Lavia has not yet completed a full 90 minutes since his move from Southampton for a fee of £53million plus £5m in add-ons in August 2023. It would be poetic if he finally achieved that milestone against Liverpool, the team that pursued him for much of that summer window before losing out to Chelsea in the battle for his signature.

Liverpool had identified Lavia as a potential solution to their hole in the base of midfield created by Fabinho’s drastic decline. Even as a 19-year-old, his composure and technical polish on the ball in a struggling Southampton team had marked him out as the kind of press-resistant No 6 that every modern elite team wants.

Lavia has shown glimpses of those qualities and has demonstrated his value even in relatively limited outings this season. Chelsea are actually losing slightly more often during his Premier League minutes on the pitch (nine goals scored, 10 conceded), but some context is required: Maresca underlined his high opinion of the Belgian by pushing him into his starting XI for big matches against Manchester City, Liverpool, Newcastle and Arsenal, often when short of his peak sharpness and rhythm.

The only two Premier League matches Lavia started in December were a 3-0 dismantling of Aston Villa at Stamford Bridge and a thrilling 4-3 fightback away at bitter rivals Tottenham — two victories that rank as arguably Chelsea’s two most impressive performances of the season. He distinguished himself in both.

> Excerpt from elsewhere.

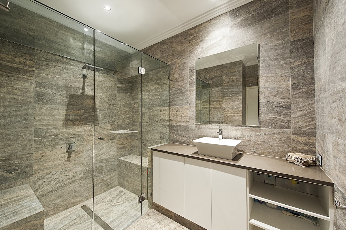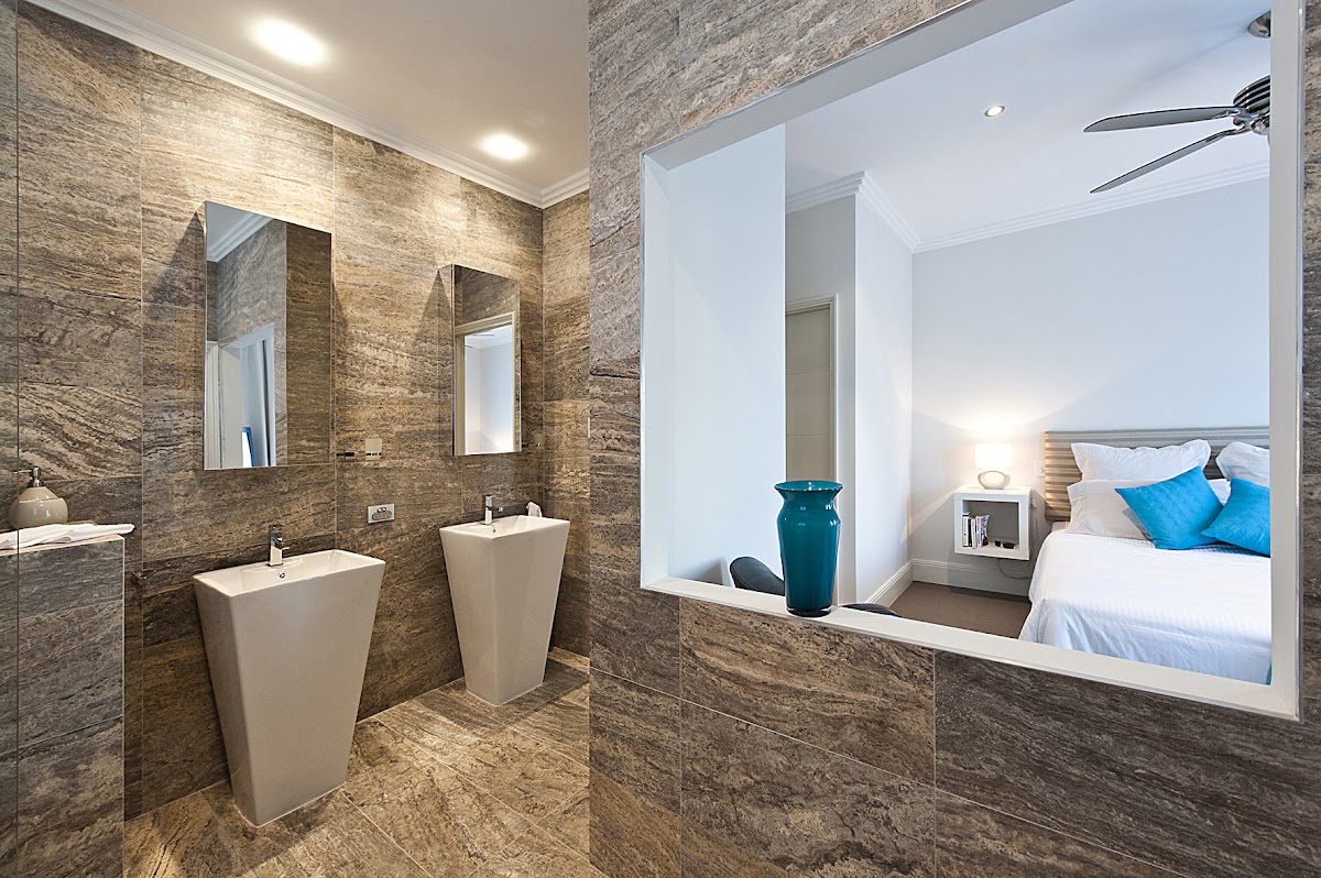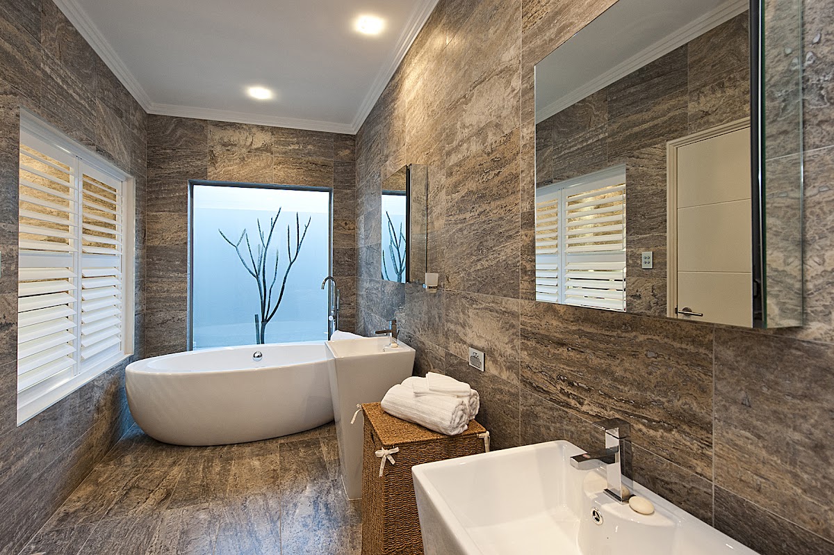 With the freestanding bath looking outside, the plantation blinds, unique double vanities and use of tiles this is your dream bathroom.

Early in the first half against Villa, one sequence demonstrated the two most outstanding aspects of Lavia’s game: his ability to receive and retain the ball under pressure, and his talent for identifying and playing line-breaking passes that give his team an advantage.

In the 11th minute, he took possession of the ball in his own defensive third, held off Jaden Philogene as he dribbled diagonally upfield, then threaded a perfect pass through a small gap between two Villa midfielders into the feet of an unmarked Cole Palmer in the right half-space:

Any statistical analysis of Lavia suffers from the small-sample-size problem, but these progressive passes already mark him out. According to SkillCorner, whose tracking data uses an AI model to identify defensive structures and passes that go through them, Lavia is one of only seven midfielders with 500 or more minutes in the Premier League this season to average 4.7 or more line-breaking passes per 90 minutes.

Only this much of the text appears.